Thunder cracked overhead. The rain came harder.

Trent advanced down the center line of the street, silent, watchful, towing her behind him toward the heart of Chinatown. Alex shivered with a chill that had nothing to do with the weather. He was serious, she thought. The man was serious—and seriously nuts.

They stopped across the street from an Asian grocery store, its front sidewalk cluttered with an array of produce on makeshift tables and stacked high with empty cardboard boxes. A narrow passageway stretched between the store and neighboring building, shadowed beneath the afternoon's clouds.

Alex shot a look at Trent and found him focused on the passage. One hundred percent focused. She fought off another shiver. Nuts, she thought again. Right off his rocker. Maybe now Roberts will listen. A cab swerved around them, horn blaring.

But what if he was right?

Against all reason, her free hand settled on her gun.

"You're sure he's in there?" she whispered.

Trent looked down at her as if he'd forgotten her existence and was surprised to find her still there. Without replying, he pulled her through a break in the traffic and thrust her into the midst of the boxes in front of the grocery.

"Wait here," he ordered.

"Are you kidding me?" Alex scrambled out of the sodden cardboard. "I'm not letting you go in there alone." No matter how much I don't like you. "I'm coming with you."

"No."

Trent's growl was so fierce it startled her into a step back. Seeming to take this as submission, he nodded his satisfaction. "Good. Now, whatever happens, do not come in after me. Do you understand?"

"No, I do not—"

Trent took hold of her shoulders and shook her. "Do you understand?"

A frisson of real fear crawled across Alex's shoulders. She wanted to deny him, to tell him to go straight to hell, but something in his face, in the urgency of his grip, held her back. Something she didn't want to identify.

She looked at the passageway again and the fear solidified, settling in her gut. She didn't understand. Didn't think she wanted to. But she nodded anyway, and in an instant, Trent released her and disappeared down the passage. She stared after him, the heat of his touch lingering on her skin, unsure whether she should be more shocked at his behavior or hers.

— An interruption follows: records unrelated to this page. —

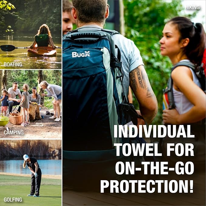 - TRAVEL READY - Light and compact, our individually wrapped mosquito repellent DEET-free wipes fit effortlessly in your backpack or pocket, ensuring easy access and convenience on the go
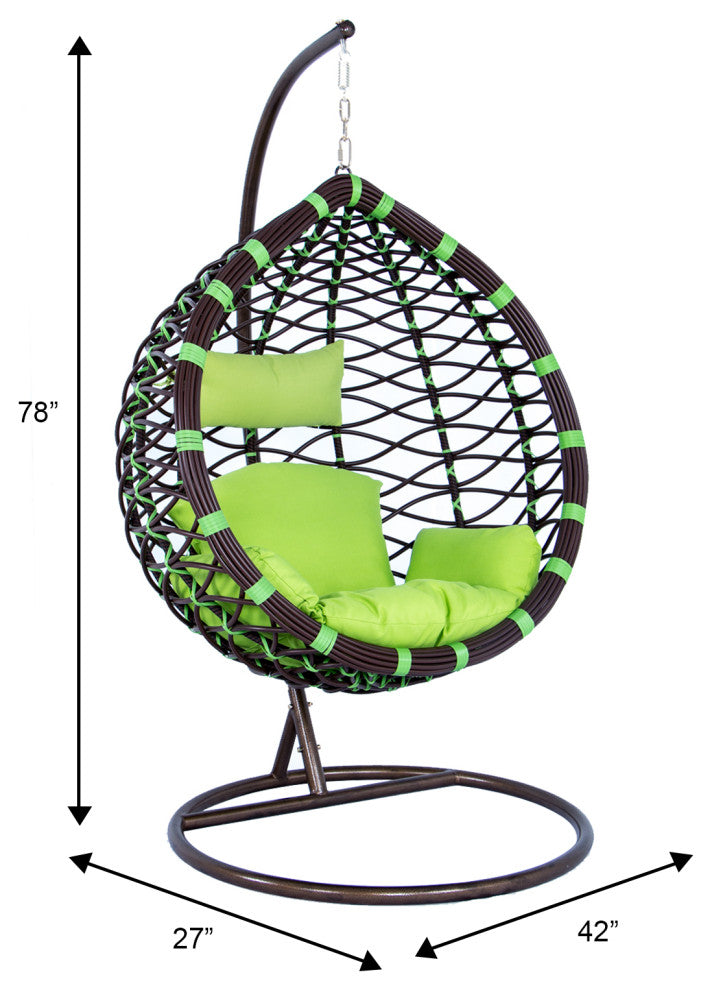 Item specification:.[DURABLE ALUMINUM FRAME]: Built with a high-quality, rust-resistant, and UV-resistant aluminum frame, this egg swing chair is perfect for long-lasting outdoor use on your patio, balcony, or garden..[HANDWOVEN WICKER DESIGN]: Crafted with precision by skilled artisans, the handwoven rattan wicker adds a touch of bohemian elegance and durability, making it ideal for both indoor and outdoor spaces..[COMFORTABLE REMOVABLE CUSHIONS]: Features outdoor-grade fabric cushions filled with soft, breathable cotton for ultimate comfort and relaxation. The removable cushions make cleaning and maintenance a breeze..[STURDY IRON STAND]: Supported by a strong and durable iron stand, this hanging egg chair ensures stability and safety while adding a modern touch to your outdoor lounge area..[EASY ASSEMBLY]: Designed for quick and simple assembly with clear instructions included, so you can set up your wicker swing chair and start enjoying your cozy relaxation space in no time.Item Dimensions:78" H x 42" W x 27" DAdjustable Seat Height 14 - 17"Stand Diameter 41. Chain Length 16"Weight: 60 lbs.Item Description:This fun egg-shaped porch swing chair was built to last in the outdoors with its strong durable iron frame it will be perfect for all weathers. Sit in luxurious comfort while surrounded by the peace and beauty of your backyard, or enjoy a good book indoors with this comfortable hanging chair.
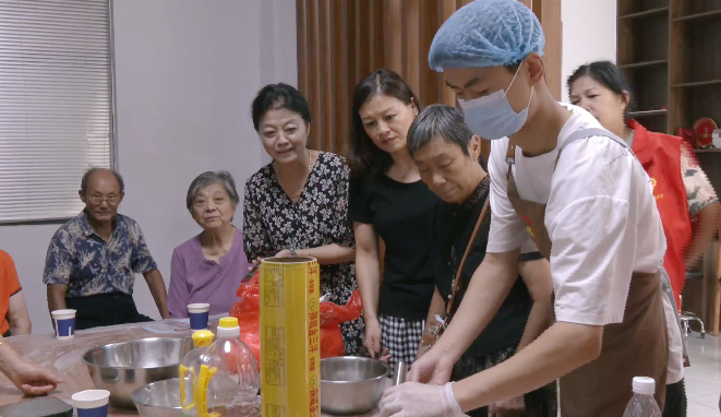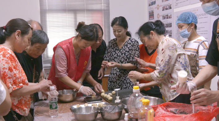 一份无声的月饼,传递着浓浓中秋情!社区不仅准备了月饼制作活动,还安排了诸多娱乐项目。在“海底捞月”游戏中,老人们分为两组,全神贯注地从装满小球的容器中捞取象征着团圆的“月亮”,在欢声笑语中体验了游戏的乐趣,现场洋溢着幸福的气氛。
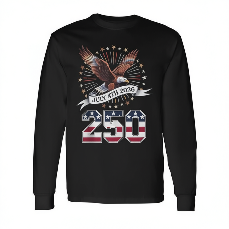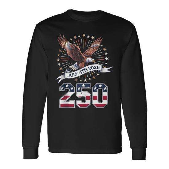 T-shirt patriottica a maniche lunghe per il 250° anniversario del 4 luglio USA 1776 2026
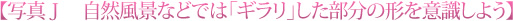 前回、「逆光で写真にメリハリをつけよう」という話をしましたが、今回は別な手法で写真にメリハリを付けようというアドバイスです。

A sudden tap sounded beside her and she spun to face the store window, gun in hand, thumb reaching for the safety. A wide-eyed storekeeper stared back at her through the rivulets running down the plate glass, raising his hands above his head along with the phone he held. Heart pounding, Alex lowered her weapon and flashed the badge clipped to the inside pocket of her blazer. The storekeeper backed away from the window, looking unconvinced, hands still in the air.

Alex drew together the tattered remnants of adrenaline-ravaged nerves and peered around the corner of the store, down the passageway. Nothing moved in the rain-blurred depths. The blood in her veins chilled. Nutcase or not, there was no way Trent should have gone in there alone. No way she should have let him.

So much for keeping him out of trouble.

"Fucking hell," she muttered. She shifted her grip on her gun, clambered over the collapsed boxes, and stepped into the stale, sour gloom.